(Collected data)
+ + +
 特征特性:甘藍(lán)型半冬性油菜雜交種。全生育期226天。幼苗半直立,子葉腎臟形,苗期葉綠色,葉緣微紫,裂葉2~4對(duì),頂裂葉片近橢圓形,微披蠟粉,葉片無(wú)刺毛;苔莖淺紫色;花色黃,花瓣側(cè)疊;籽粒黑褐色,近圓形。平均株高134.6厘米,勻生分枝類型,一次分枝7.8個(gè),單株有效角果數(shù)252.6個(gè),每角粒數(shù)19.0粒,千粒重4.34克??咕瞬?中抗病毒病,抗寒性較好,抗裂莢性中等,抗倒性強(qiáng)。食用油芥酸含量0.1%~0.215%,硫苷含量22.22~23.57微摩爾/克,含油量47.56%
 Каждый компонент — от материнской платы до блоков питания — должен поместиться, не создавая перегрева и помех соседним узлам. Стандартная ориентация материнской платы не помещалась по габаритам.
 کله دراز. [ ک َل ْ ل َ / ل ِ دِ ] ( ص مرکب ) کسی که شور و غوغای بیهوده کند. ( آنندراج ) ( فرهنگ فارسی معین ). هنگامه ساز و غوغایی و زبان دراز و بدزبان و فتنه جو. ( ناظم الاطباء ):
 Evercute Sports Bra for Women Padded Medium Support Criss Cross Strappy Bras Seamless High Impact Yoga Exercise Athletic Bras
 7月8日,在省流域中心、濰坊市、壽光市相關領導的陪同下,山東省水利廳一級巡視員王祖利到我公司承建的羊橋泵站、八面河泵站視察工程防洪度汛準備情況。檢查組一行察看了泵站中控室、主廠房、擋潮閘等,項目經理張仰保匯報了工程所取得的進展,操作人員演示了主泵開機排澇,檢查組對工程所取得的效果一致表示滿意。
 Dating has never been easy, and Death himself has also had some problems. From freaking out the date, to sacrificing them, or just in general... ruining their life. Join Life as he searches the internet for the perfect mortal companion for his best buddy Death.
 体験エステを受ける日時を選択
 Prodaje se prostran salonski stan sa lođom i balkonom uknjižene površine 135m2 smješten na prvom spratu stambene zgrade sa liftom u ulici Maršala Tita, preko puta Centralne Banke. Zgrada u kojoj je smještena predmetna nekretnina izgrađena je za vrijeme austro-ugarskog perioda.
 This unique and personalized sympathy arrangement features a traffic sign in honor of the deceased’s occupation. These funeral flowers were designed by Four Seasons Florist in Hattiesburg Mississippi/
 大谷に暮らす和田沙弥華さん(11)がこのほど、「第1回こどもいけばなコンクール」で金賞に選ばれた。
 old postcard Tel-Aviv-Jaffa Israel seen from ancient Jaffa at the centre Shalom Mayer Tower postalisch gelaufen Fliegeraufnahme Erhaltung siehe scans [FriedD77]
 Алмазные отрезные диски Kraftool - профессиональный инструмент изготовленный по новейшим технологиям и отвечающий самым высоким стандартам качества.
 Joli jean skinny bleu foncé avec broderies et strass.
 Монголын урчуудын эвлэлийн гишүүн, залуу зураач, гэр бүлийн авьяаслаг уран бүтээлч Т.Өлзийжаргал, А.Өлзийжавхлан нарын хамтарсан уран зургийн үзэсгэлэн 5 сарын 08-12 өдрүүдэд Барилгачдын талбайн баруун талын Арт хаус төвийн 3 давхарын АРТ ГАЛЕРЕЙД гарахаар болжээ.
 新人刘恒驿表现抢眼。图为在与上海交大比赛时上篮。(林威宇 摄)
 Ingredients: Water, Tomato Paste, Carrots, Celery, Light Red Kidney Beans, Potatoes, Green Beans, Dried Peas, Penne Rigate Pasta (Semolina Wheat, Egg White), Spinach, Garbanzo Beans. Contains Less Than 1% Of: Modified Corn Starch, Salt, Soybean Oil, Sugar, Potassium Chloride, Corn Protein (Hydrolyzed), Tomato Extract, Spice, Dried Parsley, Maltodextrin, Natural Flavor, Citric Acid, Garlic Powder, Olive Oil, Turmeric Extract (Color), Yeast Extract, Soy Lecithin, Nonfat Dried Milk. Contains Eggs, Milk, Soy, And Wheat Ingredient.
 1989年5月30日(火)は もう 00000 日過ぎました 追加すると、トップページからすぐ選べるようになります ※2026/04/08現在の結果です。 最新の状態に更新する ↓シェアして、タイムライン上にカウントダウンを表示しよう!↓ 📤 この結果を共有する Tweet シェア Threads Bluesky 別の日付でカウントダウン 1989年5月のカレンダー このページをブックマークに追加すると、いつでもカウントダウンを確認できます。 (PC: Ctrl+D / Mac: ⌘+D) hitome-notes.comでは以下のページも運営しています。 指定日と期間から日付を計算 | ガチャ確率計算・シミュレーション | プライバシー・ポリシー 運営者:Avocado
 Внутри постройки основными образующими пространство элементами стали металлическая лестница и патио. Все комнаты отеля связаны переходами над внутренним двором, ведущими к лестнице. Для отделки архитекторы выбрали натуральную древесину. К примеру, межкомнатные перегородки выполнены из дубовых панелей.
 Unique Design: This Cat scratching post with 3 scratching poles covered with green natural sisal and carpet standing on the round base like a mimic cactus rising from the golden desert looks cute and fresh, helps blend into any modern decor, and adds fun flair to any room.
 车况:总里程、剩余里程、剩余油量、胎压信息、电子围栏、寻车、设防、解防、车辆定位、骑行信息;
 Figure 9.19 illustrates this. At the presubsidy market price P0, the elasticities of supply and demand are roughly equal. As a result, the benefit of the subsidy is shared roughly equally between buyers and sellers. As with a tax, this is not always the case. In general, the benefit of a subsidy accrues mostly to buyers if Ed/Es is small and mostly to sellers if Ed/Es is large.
+ + +
Would you retype exactly the lines above, from the line with "Алмазные отрезные диски" to the line with "新人刘恒驿表现抢眼。图为在与上海交大比赛时上篮。(林威宇 摄)", with both end lines kept and nothing more?

 Алмазные отрезные диски Kraftool - профессиональный инструмент изготовленный по новейшим технологиям и отвечающий самым высоким стандартам качества.
 Joli jean skinny bleu foncé avec broderies et strass.
 Монголын урчуудын эвлэлийн гишүүн, залуу зураач, гэр бүлийн авьяаслаг уран бүтээлч Т.Өлзийжаргал, А.Өлзийжавхлан нарын хамтарсан уран зургийн үзэсгэлэн 5 сарын 08-12 өдрүүдэд Барилгачдын талбайн баруун талын Арт хаус төвийн 3 давхарын АРТ ГАЛЕРЕЙД гарахаар болжээ.
 新人刘恒驿表现抢眼。图为在与上海交大比赛时上篮。(林威宇 摄)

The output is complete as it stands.